Women Who Run with the Wolves
Seventh Chapter: The Butterfly Maiden
Sunday, November 23, 2025 11:30 AM MST
In this session, our book club enters one of the most luminous chapters in Women Who Run with the Wolves: “Joyous Body: The Wild Flesh,” where Dr. Estés offers the story of the Butterfly Maiden — a radiant embodiment of vitality, instinct, sensuality, and the deep joy of inhabiting a living body. The Butterfly Maiden is the archetype who dances life back into the world. She reminds us that our bodies are not burdens or projects, but instruments of transformation, capable of renewal, pleasure, intuition, and sacred rhythms. Through her, we explore how women can reclaim the right to feel alive in their own skin.
Reflection Questions
The Story of The Butterfly Maiden
1. In what ways have you experienced your body as something to be managed, judged, or performed rather than inhabited?

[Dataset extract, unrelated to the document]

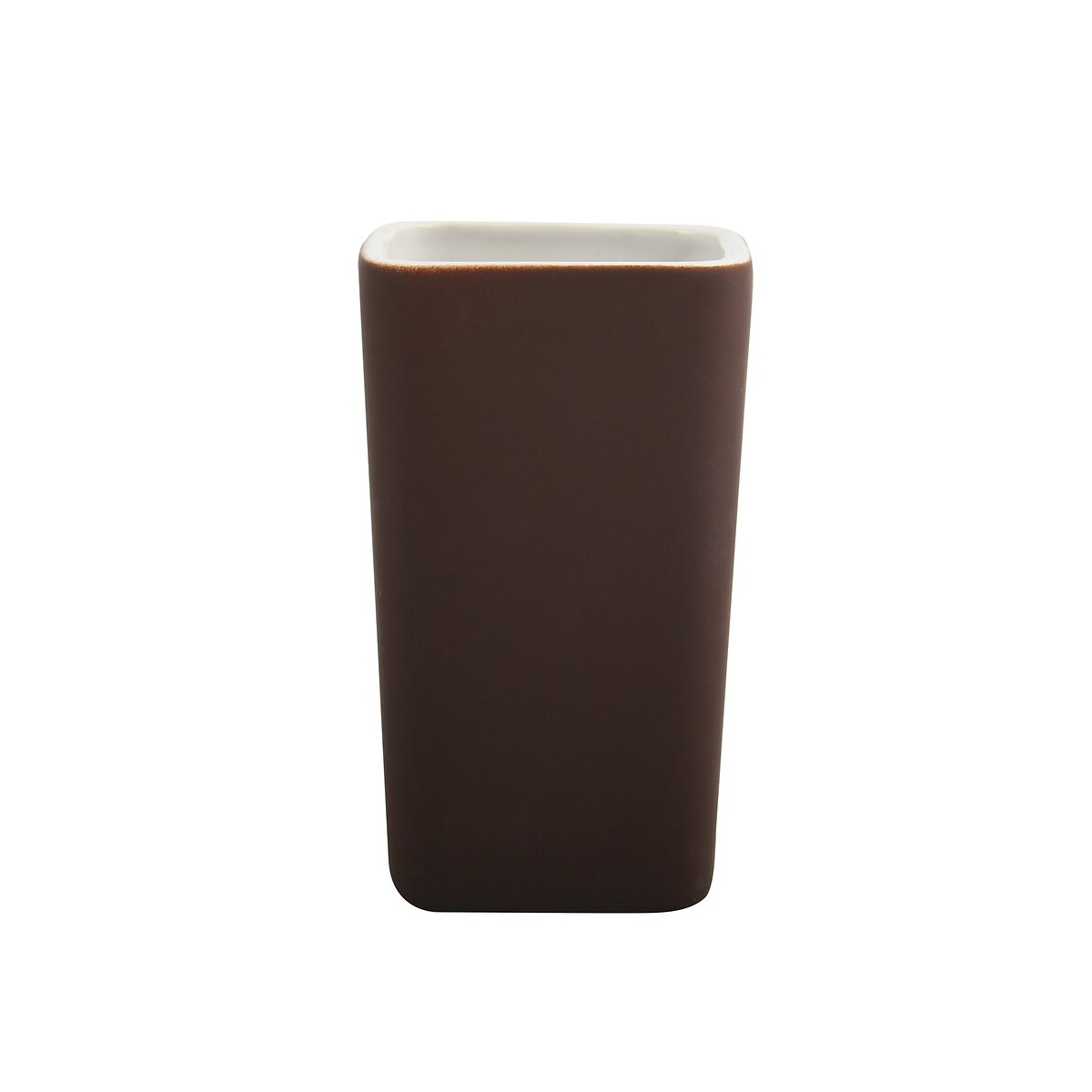 Gobelet design en grès cérame (céramique). Gamme Haïti. Avec recouvrement touché doux en gel de silice (toucher soft touch. Coloris : chocolat. Contenance : 250 ml. Dimensions : Diamètre 6,3 cm x Largeur 6,3 cm x Hauteur 10,5 cm.Spécifications techniques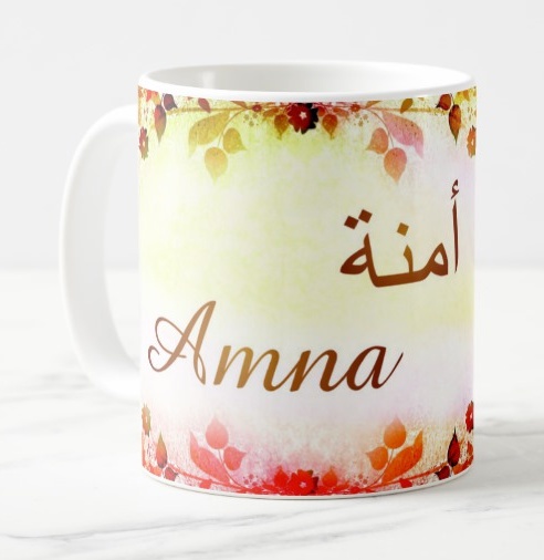 Mug avec le prénom Amna calligraphié en arabe ainsi que son écriture normale en arabe (أمنة) et en français.

2. What parts of your body have felt most shaped by the collective gaze rather than your own inner knowing?
3. How does it feel to consider your body as a vessel for soul and instinct, rather than a reflection of external expectations?
4. What does somatic aliveness mean to you in your lived experience, not as a concept, but as a felt sense?
5. When in your life have you felt most at home in your body?
6. Do you associate joy with permission, safety, rebellion, or vulnerability?
7. How does it shift your understanding of your body to see these phases as natural processes of transformation rather than problems to fix?
8. What messages about the body did you inherit, from family, culture, religion, or media?
9. Can you identify places where shame may be collective rather than personal?
10. What forms of movement feel instinctive and nourishing to you, not performative or obligatory?
11. What would it mean to let movement be an expression of inner truth rather than external discipline?
12. Where do you feel most disconnected from your instinctive body, and where do you feel most aligned?
13. After reflecting on this chapter, what is one small way you could honor your body as a living companion rather than an object?
14. What does your body need more of right now: rest, movement, warmth, expression, stillness, or permission?
15. What would it mean to trust your body as part of your inner wisdom?